JERUSALEM (Reuters) - An Israeli cabinet minister called on Wednesday for a boycott of Airbnb and promoted one of its rivals, escalating the government’s response to the home-rental company’s decision to delist Israel’s settlements in the occupied West Bank.
“I call today on all those who support Israel and oppose discriminatory boycotts: they should cease using Airbnb and turn to other services,” Strategic Affairs Minister Gilad Erdan told a diplomatic conference hosted by the Jerusalem Post newspaper.
“By the way, Booking.com is a great service,” added Erdan, the point-man in Israeli government efforts to combat pro-Palestinian boycotts.

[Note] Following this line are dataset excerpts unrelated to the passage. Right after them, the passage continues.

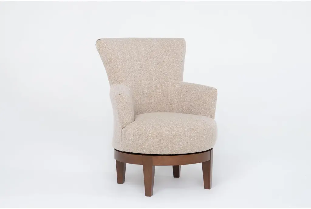 The Halle Tan Swivel Accent Chair brings relaxed style with its cozy round seat and curved profile. This stylish armchair features a dark walnut finish that adds rich contrast to the inviting tan fabric, making it a perfect home furnishing for any room. This design is the perfect bedroom chair, reading chair, club chair or accent chair for living room. You'll love the grounded color palette, which favors earth tones.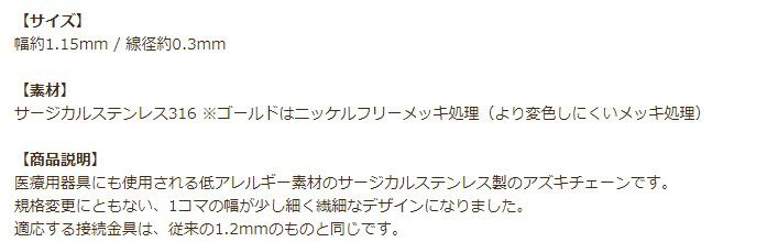 [1M×1本] 小豆チェーン 1.5mm [ ゴールド 金 ] サージカルステンレス 切り売り チェーンのみ アズキチェーン パーツ C1-01 金属アレルギー対応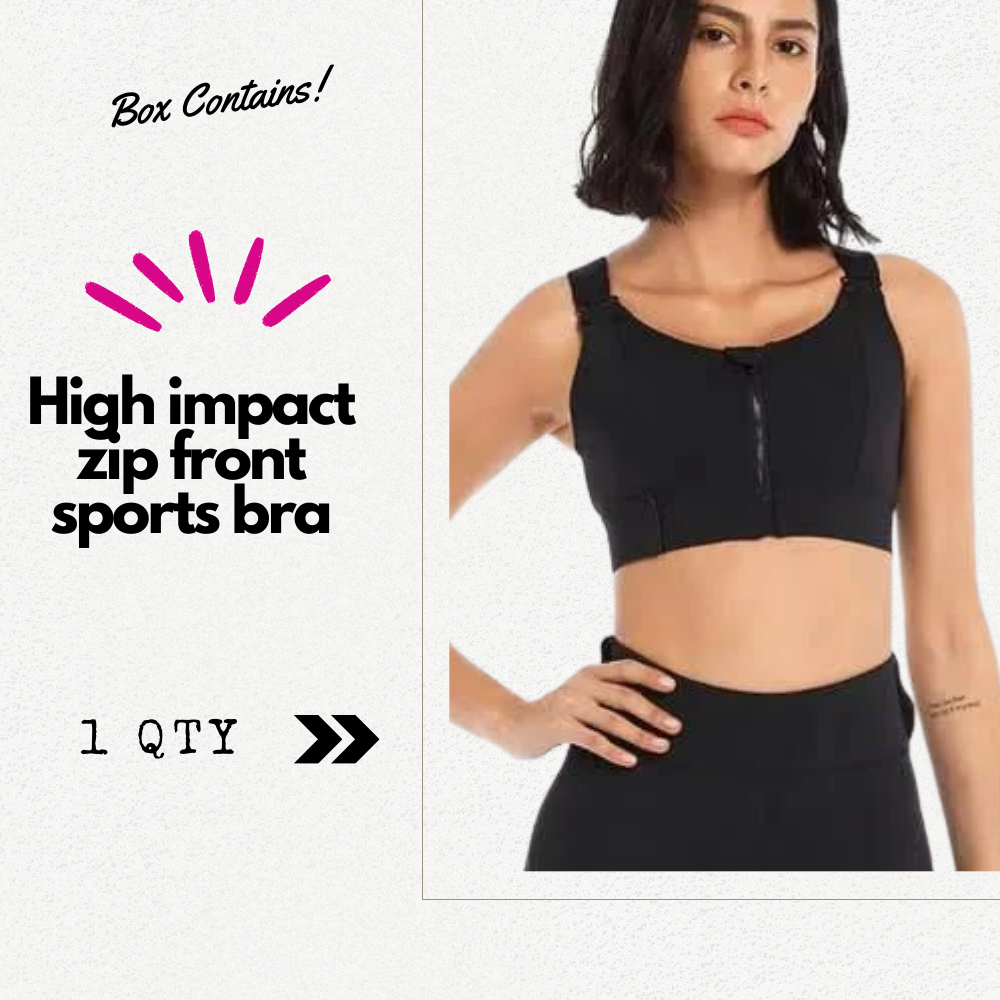 • 1 High impact zip front sports bra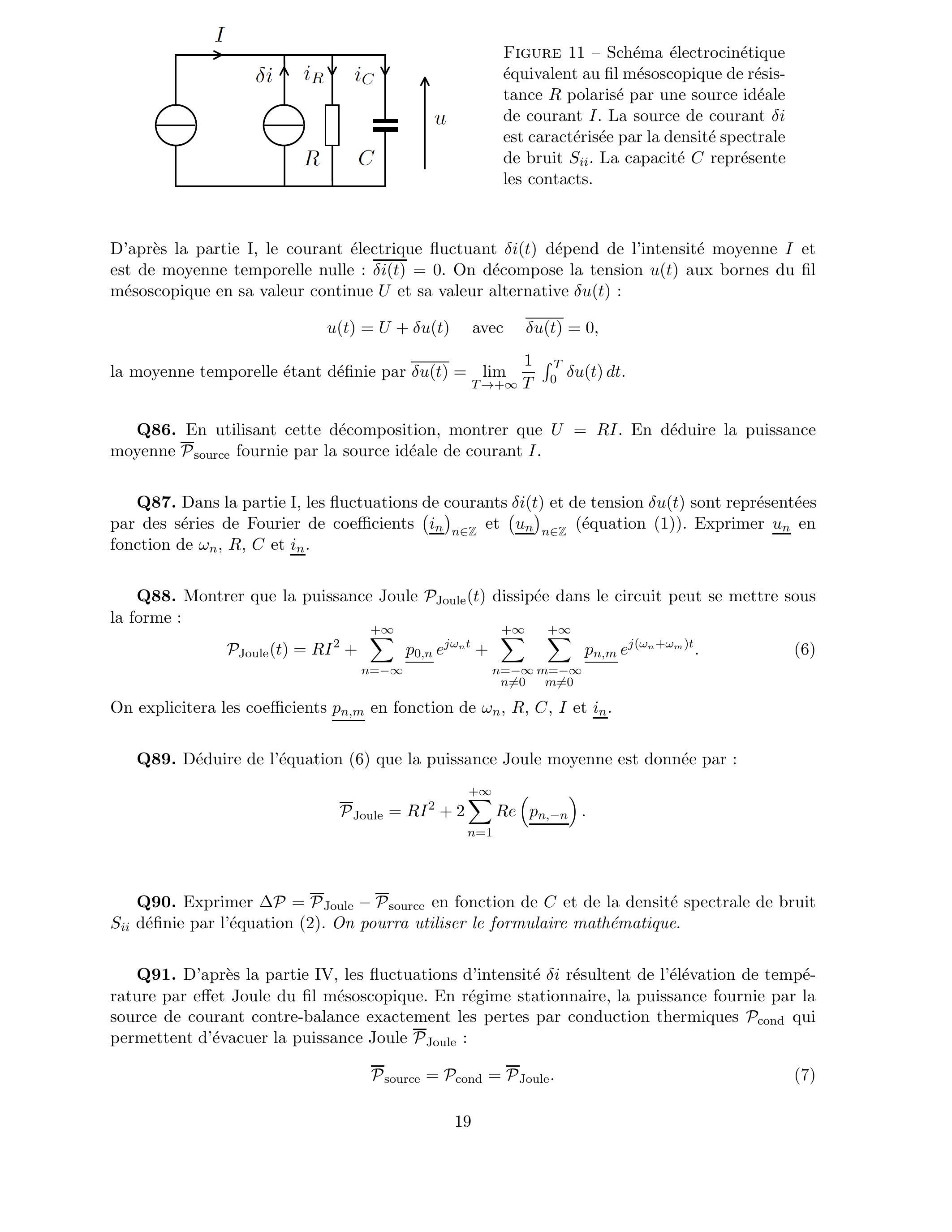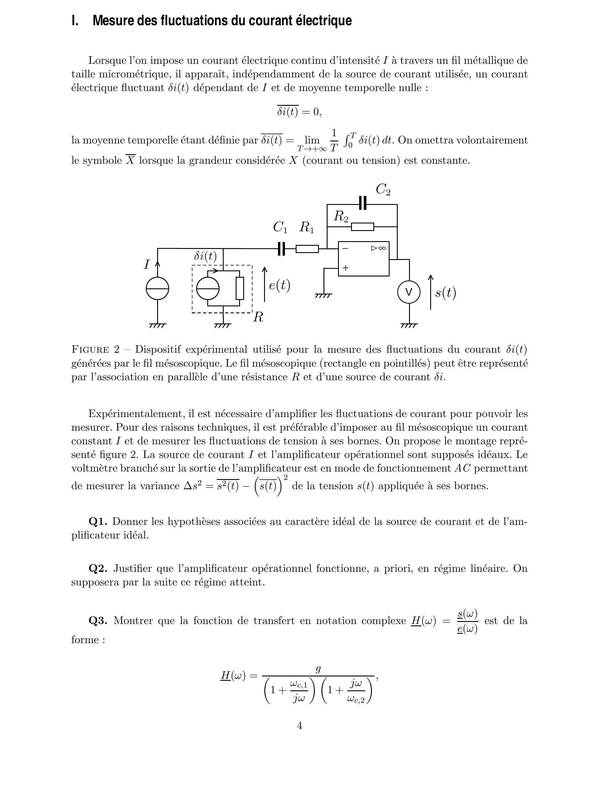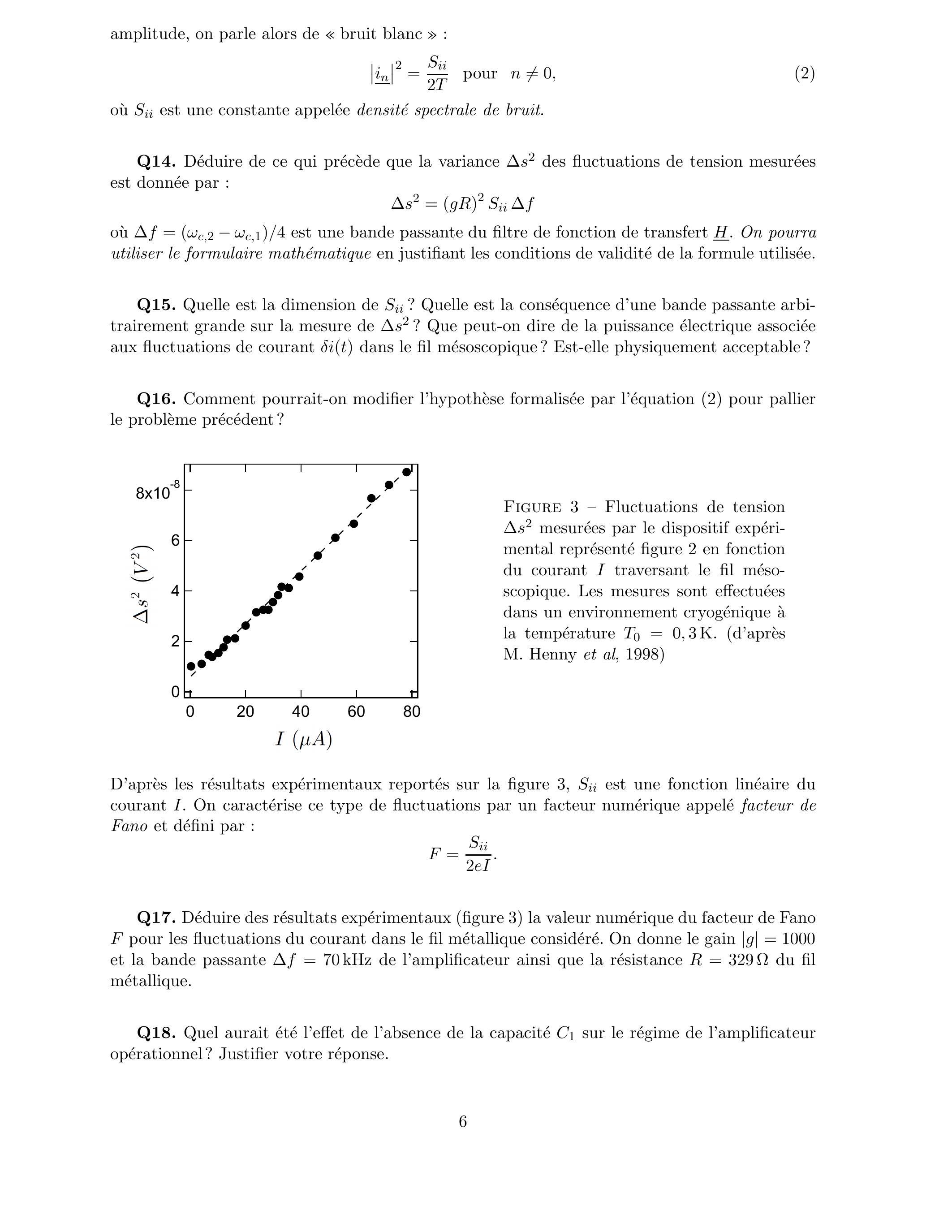 Q15. Quelle est la dimension de ? Quelle est la conséquence d'une bande passante arbitrairement grande sur la mesure de ? Que peut-on dire de la puissance électrique associée aux fluctuations de courant dans le fil mésoscopique? Est-elle physiquement acceptable?

Airbnb said on Monday it would remove some 200 settlement listings after hearing criticism from people who “believe companies should not profit on lands where people have been displaced”.
Palestinians who want to establish an independent state taking in the West Bank have welcomed the San Francisco-based firm’s move.
“Airbnb took a decision in the right direction to stop dealings with Israeli settlements, consistent with international legitimacy,” Wasel Abu Youssef, a senior official with the umbrella Palestine Liberation Organisation, told Reuters.
“Erdan’s incitement comes in the course of continued attempts by the Israeli extremist government to intimidate companies, parties and individuals who try to try to take good decisions that agree with international resolutions.”
A spokesman for Airbnb declined comment on the Israeli minister’s remarks. In a statement emailed to Reuters on Tuesday, Chris Lehane, Airbnb’s global head of policy and communications, said: “Israel is a special place and our over 22,000 hosts are special people who have welcomed hundreds of thousands of guests to Israel.
“We understand that this is a hard and complicated issue and we appreciate everyone’s perspective.”
Airbnb’s delisting applies only to Israeli settlements in the West Bank, where Palestinians have limited self rule under Israeli military occupation. It does not apply to Israel itself, or East Jerusalem and the Golan Heights, territories Israel has annexed without international recognition. Israel withdrew settlers from another Palestinian territory, the Gaza Strip, more than a decade ago.
Human Rights Watch hailed Airbnb’s delisting decision and, in a report on Tuesday, called on Booking.com to follow suit.
Booking.com did not immediately response to Reuters emails seeking its response.
Israeli Justice Minister Ayelet Shaked, addressing Wednesday’s conference separately, backed Erdan’s call to boycott Airbnb and suggested Israel also deploy its own anti-discrimination laws.
Israel has said it would turn to the Trump administration and could back lawsuits against Airbnb within U.S. states that have legislated against anti-Israel boycotts.
In Israel, one 2017 law empowers courts to award cash compensation to claimants who prove they have been denied goods or services because of where they live.
“I checked yesterday with my office, with the attorney-general, whether we can operate this law, and the answer is positive,” Shaked said. “We need to do anything we can in order to fight them back in order that they will change their decision.”